He Gu da bu fotoğrafların bir kopyasını saklıyordu. Onlar, ABD Vogue Dergisi’nin kapağında yer alan ilk Asya kökenli anne ve oğuldu. O dönemde moda endüstrisinde büyük bir heyecan yaratmıştı. Song Juhan ilk kez kamuoyunun karşısına çıkmamış olsa da, uluslararası dünya onu ilk kez o zaman tanımıştı. Bu anne ve oğul sahiden de göze hitap eden bir görünüşe sahipti.

He Gu, Song Juhan’ın annesiyle birkaç kez karşılaşmıştı. Amerika’da doğmuş bir Çinli-Alman’dı, hem tutkulu hem de zekiydi ve buna uygun olarak çarpıcı bir görünüme sahipti. Song Juhan’ın görünüşü annesine çok benzese de, kişilikleri hiç benzemiyordu.

“Yaşına rağmen hala kusursuz bir fiziği var,” dedi kadın meslektaşı ve içini çekti, “İnsan olduğundan emin miyiz?”

Gu Qingpei, “Gerçekten de çok güzel,” diye haykırdı.

“Song Juhan’ın babası da çok yakışıklı. Bu aile kutsanmış sanırım!” dedi kadın meslektaşı, hayranı olduğu idolü hakkında konuşurken çok gururluydu ve diğerlerinin ilgilenip ilgilenmediğini ya da dinleyip dinlemediğini umursamıyor gibiydi, sadece umutsuzca telefonundaki tüm fotoğrafları göstermeye çalışıyordu.

Gu Qingpei He Gu’ya baktı ve şaka yollu ona sataştı, “He Gu, sen de onun şarkılarını seviyor musun?”

Bu soruya hazırlıksız yakalanan He Gu’nun içtiği çorba genzine kaçtı ve öksürmeye başladı.

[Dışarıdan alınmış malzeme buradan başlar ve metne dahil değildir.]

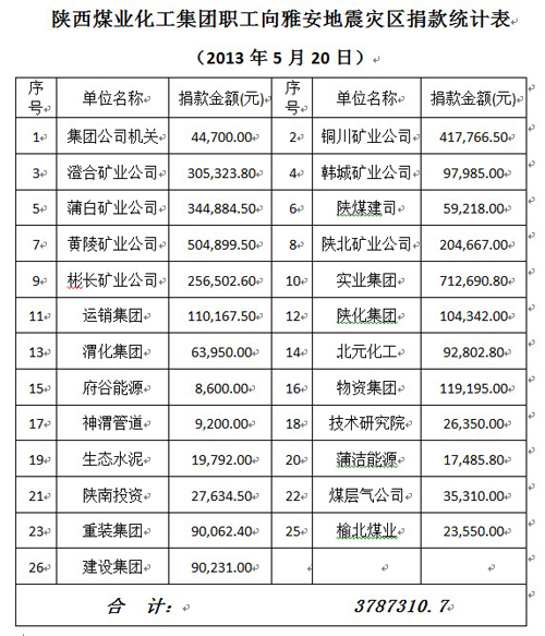 4月20日,四川雅安蘆山縣地區(qū)發(fā)生7.0級強烈地震。災(zāi)情緊緊牽動著集團公司干部職工的心,集團公司黨政領(lǐng)導(dǎo)在第一時間緊急動員,在全系統(tǒng)精心組織開展了抗震募捐活動。各基層單位在自發(fā)捐物的同時,積極響應(yīng)號召,迅速行動,紛紛開展了“情系雅安愛心捐助”“陜煤人與雅安人在一起”“心系災(zāi)區(qū)、祈福雅安”“關(guān)注災(zāi)情,守望相助,共渡難關(guān)”等主題的募捐善款活動。截至5月20日,廣大干部職工通過集團公司工會向雅安災(zāi)區(qū)同胞捐款3787310.7元。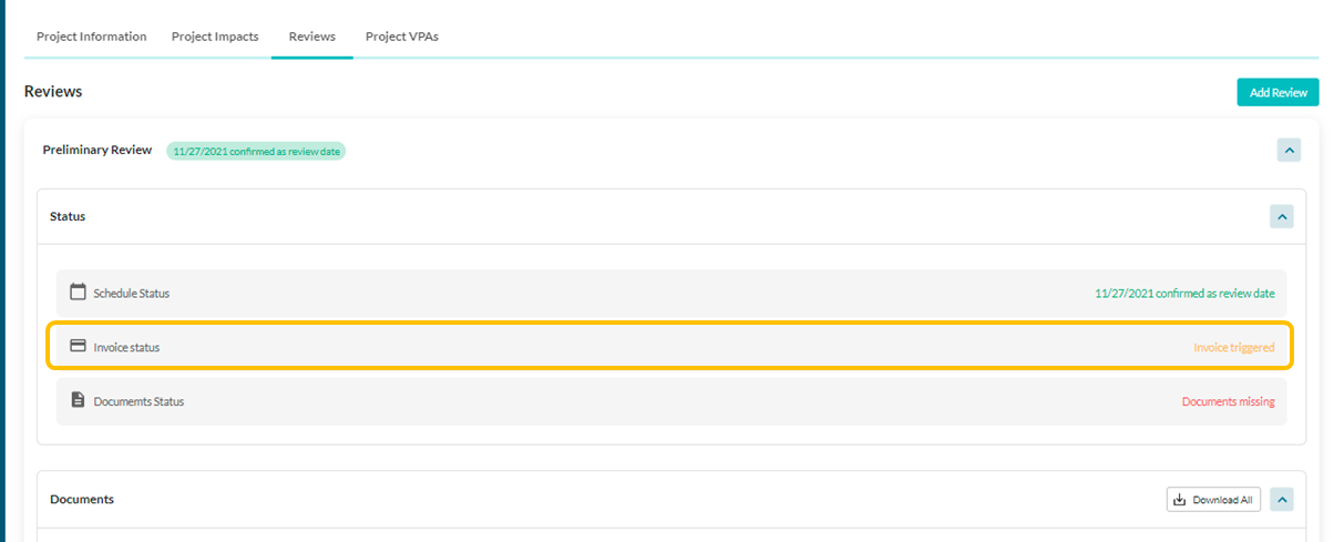 Once the review is approved by the Certification team, the Status of the review is updated as Finished as shown below. Project status also gets updated as shown below. Note: Below is the Project Status for each Review Approval stage. Review ...

“Şef He böyle şeyleri pek umursamaz,” dedi Xiao Chen gülümseyerek, “Muhtemelen Song Juhan’ın kim olduğunu bile bilmiyordur.”

Gu Qingpei alaycı bir şekilde kahkaha attı.

He Gu boğazını temizledi ve kayıtsızca, “Mm. Bugünlerde gençlerin nelerden hoşlandığını pek bilmiyorum,” dedi.

“Ah, Şef He sadece yirmi sekiz yaşında ve hâlâ genç sayılır. Neden hep orta yaşlı bir adam gibi davranıyorsunuz?”

“Aynen öyle. Şef He’nin kişiliği çok olgun. Her zaman ciddi bir yüz ifadesi takınıyor. Hatta sinirlendiğinde biraz korkutucu oluyor. Şef Gu, siz söylerseniz sizi dinler.”

He Gu gülümsedi, “Sizi küçük yaramazlar. Şef Gu’nun burada olmasını fırsat bilip beni mi eleştiriyorsunuz?”

Gu Qingpei He Gu’nun omzunu sıvazladı, bilerek ciddi bir yüz ifadesi takındı ve “Ah, Küçük He. Biraz daha gülümsemeli ve bu ciddi yüz ifadeni bırakmalısın. Bu mizaçla devam edersen ileride bir eş bulamayacaksın.”

Tüm masa gülmeye başladı.

Mesai saati bittikten sonra Gu Qingpei, He Gu’ya bir mesaj gönderdi: “Bu gece benimle bir şeyler içmeye gel.”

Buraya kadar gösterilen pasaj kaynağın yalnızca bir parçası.